ヘリコバクター・ピロリ感染が確認された場合、第一選択として抗生物質(アモキシシリンとクラリスロマイシンなど)とプロトンポンプ阻害薬(PPI)を組み合わせた治療を行います。多くの早期の胃マルトリンパ腫では、この治療のみで腫瘍が消失します。

2. 放射線療法

上記の除菌治療が無効であった場合やヘリコバクター・ピロリ陰性例では、局所治療として放射線療法が用いられます。高い治療成功率が期待されますが、副作用を最小限に抑えるため、照射範囲と線量を慎重に調整します。通常は2〜3週間の連日の通院が必要になります。通常のがんでは放射線治療後に効果が出るまでに1〜2ヶ月程度ですが、胃マルトリンパ腫では6ヶ月程度は必要とされており、ここが少し特殊な点です。

3. 化学療法

進行例や他臓器への転移が認められる場合には、リツキシマブを含む化学療法が行われます。これにより腫瘍の進行の勢いを制御することが可能です。

4. 外科手術

病変が限局しているがほかの治療が適さない場合、ごく稀に胃の部分切除が行われることもあります。

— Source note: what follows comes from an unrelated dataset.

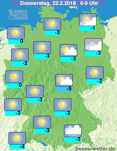 Der Donnerstag startet in weiten Landesteilen heiter oder sonnig, dichtere Wolken dominieren meist nur im äußersten Nordosten sowie am Alpenrand. Hier können zudem einzelne Schneeschauer fallen.

喫煙や飲酒は手術や放射線治療の副作用や合併症が増加、悪化しやすくなることが知られており、病気になってからも中止するように指導されます。実際の治療方法は病変の進行度や患者さん個人の健康状態により異なりますので、担当の医師と相談してください。

胃マルトリンパ腫になりやすい人・予防の方法

ヘリコバクター・ピロリの早期検査と治療
ヘリコバクター・ピロリは胃マルトリンパ腫だけでなく、もっと一般的な疾患である胃がんの原因になることも知られています。感染が疑われる場合、早期に医療機関を受診して適切な治療を受けましょう。
健康的な生活習慣
禁煙、バランスの取れた食事、適度な運動を心がけることで、胃粘膜の健康を維持できます。
定期的な健康診断
症状がなくても、定期的に検診を受けることで早期発見が可能な場合もあります。